Here's the bizarre ritual traders followed on Friday the 13th to scare away evil spirits
- Wall Street traders had a fun ritual every Friday the 13th to scare off evil spirits that could crash the stock market.
- They called it "Hat Day," and wore silly headgear, pretending to ward off the evil spirits.
- The ritual ended after the 1987 stock-market crash.
- Hat Days "are sorely missed," said Art Cashin, the veteran trader at UBS Financial Services.
Happy Friday the 13th!
For many years, Wall Street traders dealt with their imagined fear of a market crash on this day with a bizarre tradition. Even they couldn't escape Triskaidekaphobia, the fear of the number 13.
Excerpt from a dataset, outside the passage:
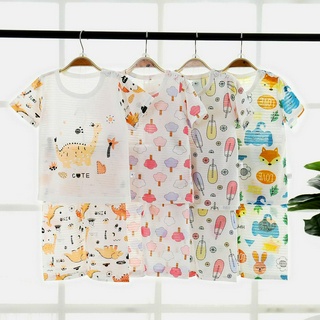 Set Đồ Ngủ 2 Món Gồm Áo Tay Cộc In Hoạt Hình + Quần Cotton Thoáng Khí Cho Bé Sơ Sinh

In a note on Friday, Art Cashin, the veteran trader at UBS Financial Services, recalled Hat Day, when traders wore headgear to fend off bearish evil spirits:
We think the negative myth may be based on a novel published back around 1910. It told of a plot by an evil stock trader (ain't they all) to crash the market on Friday the 13th. By a numerical oddity, the 13th of the month falls on a Friday more than any other day. In the last 400 years, we have had 699 Friday the Thirteenths.
One further note on Friday the 13th. Triskaidekaphobia is actually fear of the number 13. Fear of Friday the 13th is actually Friggatriskaidekaphobia but that sounds like something that would cause your mom to put a bar of Lifebuoy in your mouth. So, Dr. Donald Dossey coined the term paraskevidekatriaphobia. He says that by the time you manage to pronounce it, your phobia's gone.
Prior to 1988, floor brokers used to have fun with the myth by declaring Friday the 13th "Hat Day". Brokers would don silly and bizarre headgear, pretending to ward off the evil spirits.
The last official "Hat Day" occurred in 1987. It was on Friday, November 13th, to be exact. A few weeks earlier on Monday, October 19th, U.S. stock markets had suffered their worst selloff in history. The Dow fell 22% in one day. That would be the equivalent of a 5,500 point selloff today.
The '87 crash was far, far worse than the '29 crash on a percentage basis. As that day wore on and prices continued to fall and fall, the floor took on a kind of surreal atmosphere, almost like a dream sequence in a movie. You bargained and fought for good prices but there was a sense that this was unreal - that this couldn't really be happening.
Cashin added that because many traders lost their careers in the 1987 crash, the following Hat Day became some sort of "Survivors Ball" for the those left behind.
The NYSE closed the visitor's gallery and cancelled press passes for the day so that the survivors had the floor all to themselves. However, a freelance reporter managed to gain access for an interview and stayed to document the whole day. Months later, he published a story with the headline "The Fat Cats in Hats."
"That was the last "Hat Day" on the NYSE," Cashin wrote. "They are sorely missed."
One last tidbit, for what it's worth: stocks have rallied 55%-60% of the time on Friday the 13th. So be greedy when others are fearful.